Copy the material below verbatim from the line with "Converse x John" to the line with "Stop 10 inches", both lines included, omitting pictures and every line outside that range.

##### AVAILABLE RECORDS

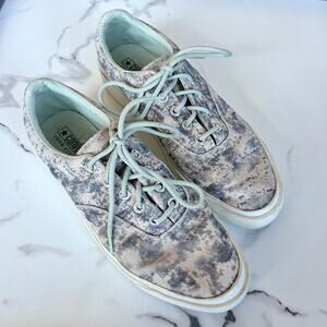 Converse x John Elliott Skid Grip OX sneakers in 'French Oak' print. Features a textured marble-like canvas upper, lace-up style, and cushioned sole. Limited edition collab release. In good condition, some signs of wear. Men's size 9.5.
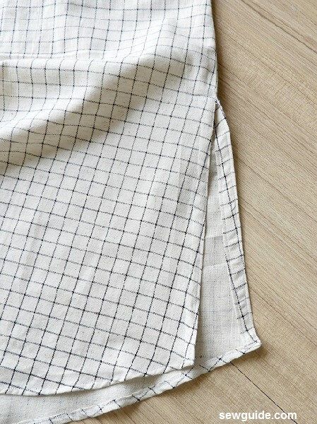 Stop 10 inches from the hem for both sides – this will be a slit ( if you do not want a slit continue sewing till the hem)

##########
##### AVAILABLE RECORDS

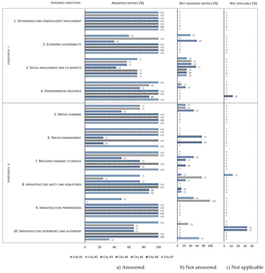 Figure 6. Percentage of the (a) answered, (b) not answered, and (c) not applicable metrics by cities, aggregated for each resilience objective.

##########
##### AVAILABLE RECORDS

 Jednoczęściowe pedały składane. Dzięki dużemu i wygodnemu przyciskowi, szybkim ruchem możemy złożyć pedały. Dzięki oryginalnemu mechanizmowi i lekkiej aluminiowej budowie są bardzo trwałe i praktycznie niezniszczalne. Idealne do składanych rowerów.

##########

EXERCISE SOLUTION:
 Converse x John Elliott Skid Grip OX sneakers in 'French Oak' print. Features a textured marble-like canvas upper, lace-up style, and cushioned sole. Limited edition collab release. In good condition, some signs of wear. Men's size 9.5.
 Stop 10 inches from the hem for both sides – this will be a slit ( if you do not want a slit continue sewing till the hem)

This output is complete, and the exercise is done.